Since the beginning of this year, the four prefectures in southern Xinjiang have made continuous efforts to promote stable employment, improve the organization of labor services, expand the coverage of poverty alleviation tasks, and increase the income of the impoverished population through multiple channels.

Up to now, 59,000 people from poor families have been newly employed in an organized way, and the plan for transferring and helping 100,000 people secure jobs has been fully implemented.

Besides, the local government has provided training for a total of 128,500 person-times of people from poor families this year, with 42,700 people finding jobs in enterprises and more than 5,300 people having started their own businesses.

“Thanks to the drying rooms built by the poverty alleviation officials from the bureau of ecology and environment of Xinjiang at the beginning of this year, we could make one kilogram of dried apricots from three kilograms of fresh apricots,” said a villager in Aksu.

He said his family has seen an extra 5,000 yuan from dried apricots, which are sold for 20 yuan per kilogram.
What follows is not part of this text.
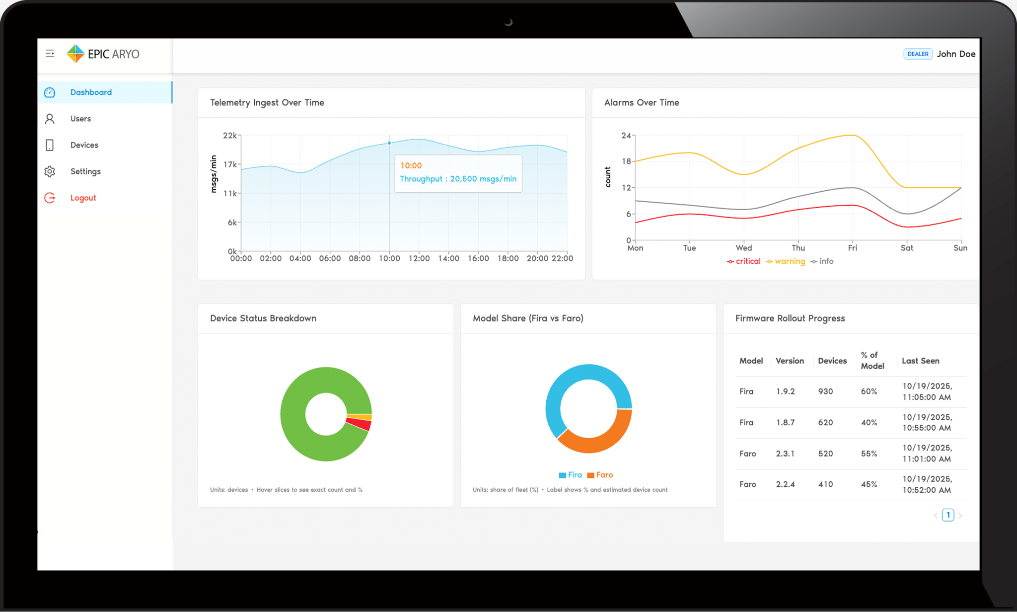 Expand your portfolio with OEM or white-labelled cloud connected solutions backed by Epic’s technology.

In previous years when fresh apricots were sold to processing plants, a kilogram of the fruit was worth less than one yuan.
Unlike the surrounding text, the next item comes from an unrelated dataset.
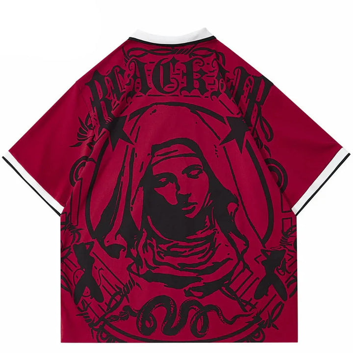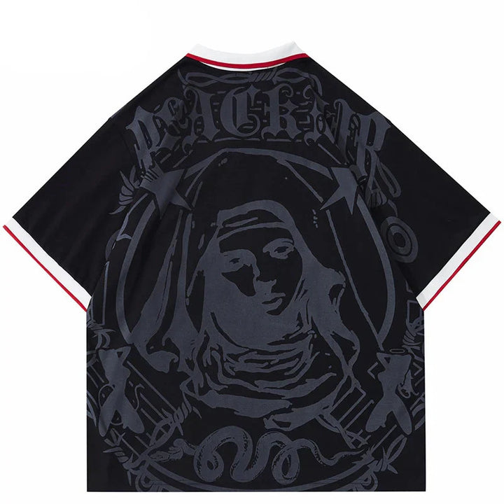 Virgin Mary Retro Graphic Embroidery Polo T-Shirt

The total area of fruit trees in Aksu is 4.5 million mu (about 0.3 million hectares), and the area of trees bearing fruits is about 4.1 million mu, said an official of the poverty relief office of Aksu.

Planting fruit trees has become a major channel for farmers and herdsmen to get rid of poverty and increase income, said the official. By the end of 2017, there were 136 impoverished villages in the region, among which 127 were engaged in fruit trees cultivation, the official said.
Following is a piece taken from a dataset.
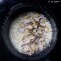 あさり、白ワインを加えてフタをし、あさりの口が開くまで中火で加熱します。

However, due to the lack of technology, investment and management expertise, the yield of fruit trees was 30 percent lower than that of other crops.

Since the beginning of this year, local government of Aksu has signed the impoverished households up for skill training, and a total of 19,657 households have benefited from the practice.

“We will strive to increase the local fruit production by 10 to 15 percent each year and increase household income by 2,000 to 3,000 yuan on average,” said the official.

In recent years, the four prefectures in southern Xinjiang have intensified efforts to upgrade featured industries, promote improved varieties, improve the quality and efficiency of fruit industry and popularize large-scale breeding of livestock and poultry. They have created a high-quality and efficient development path of their own.

Up to now, 25,446 arched sheds for crop and plant cultivation have been built in the four prefectures, helping motivate 238,000 poor households to develop courtyard economy and featured crops. The featured crops in the region now cover 529,000 mu (35,267 hectares).

Moreover, the four prefectures have spent 740 million yuan on improving the quality and efficiency of the characteristic fruit and crop industries such as walnut, red date, and grape.